One hones her voice at the San Francisco Conservatory. One broadcasts his melodies to hundreds of viewers on YouTube. One strums his ukulele at open mics.

Three musicians are set apart from the student body because they have their own, individual paths envisioned toward creating a musical future.

Seniors Camille Fraizer and Gideon Elson sing together during Performance Workshop on Tuesday. Fraizer has been singing and playing the piano since seventh grade, and Elson plays the ukelele, guitar, and clarinet.

Seniors Jordan Moore-Butler, Gideon Elson, and Camille Fraizer each said that they want to pursue a future in music.

Moore-Butler, who has been singing since he was eight years old, said that he strives to become a professional singer one day, in part because he was inspired by listening to his mother, who is also a singer.

Moore-Butler records videos of himself singing and posts them for his 490 subscribers on YouTube.

“The process initially was that I’d play an instrumental on my computer and I would sing over that while recording,” he said. “Now, I just record with my iPhone, which I’ve found to have better quality of the voice than more expensive equipment, and it’s been easier to upload my videos on a regular basis.”

Elson, who plays the guitar, clarinet, and ukulele, uses every performing opportunity he can find to gain experience for a possible future career in music. He said that during part of his junior year, he and a friend were paid to perform every Saturday morning at a barbershop in downtown Tiburon.

“This widow who owned a barbershop wanted live music, so my friend Aiden and I would play there for the people getting their hair cut,” Elson said. “The room was tiny. It would just be the haircutter, the guy getting his hair cut, and the woman standing while my friend and I played in the corner, but it was fun.”

Elson said that he doesn’t have much stage confidence yet, and that he doesn’t dance on stage.

“I like practicing and being able to get better, and then showcasing it,” he said.

Fraizer, on the other hand, said that she often sings opera and classical music at the SF Conservatory, but she is trained to do more contemporary work in Performance Workshop and drama.

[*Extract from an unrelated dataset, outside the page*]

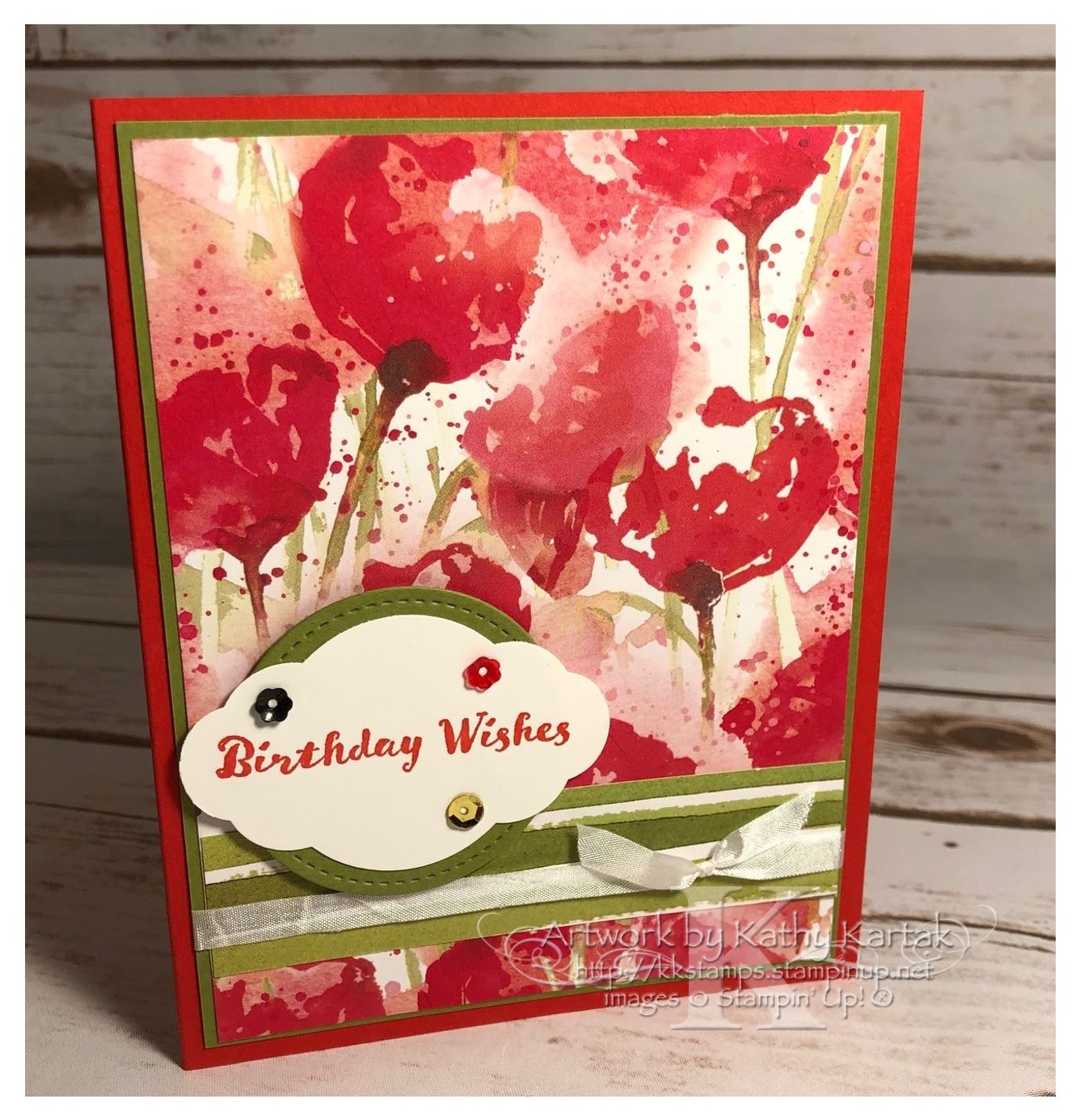 I started by cutting the smallest circle in the Stitched Shapes Dies from the center of a 4″ by 5-1/4″ piece of Old Olive Card Stock. I adhered a 3-3/4″ by 5″ piece of Peaceful Poppies Designer Series Paper (retiring) to the Old Olive mat. Then I adhered a 1″ by 3-3/4″ striped piece of Peaceful Poppies DSP on top and wrapped a length of 1/4″ Whisper White Crinkled Seam Binding around before adhering to a Poppy Parade Card Stock card base.

Elson and Fraizer said that over the summer, they began performing together at open mics around the Bay Area. They have performed at the Sleeping Lady in Fairfax, the Sweet Water in Mill Valley, and the Starry Plow in Berkeley. Elson often harmonizes with Fraizer while he plays his ukulele. With an audience of about 30 to 40 people, he said they play both originals and covers.

Fraizer said that she enjoys performing more at open mics than most other places.

“It’s always more of an adrenaline rush when there are more people there,” Fraizer said.

Fraizer also sang at graduation last year and Elson performed at Night of Blues and a benefit concert last June.

Moore-Butler learned to play guitar freshman year, but said that he mostly uses it to accompany himself and write songs.

“My goal has always been that I want to be famous, I want to be big,” he said. “I sing all the time, people look at me in the hallway and my sister has to tell me to stop because I’m singing to myself and people must think that I’m crazy.”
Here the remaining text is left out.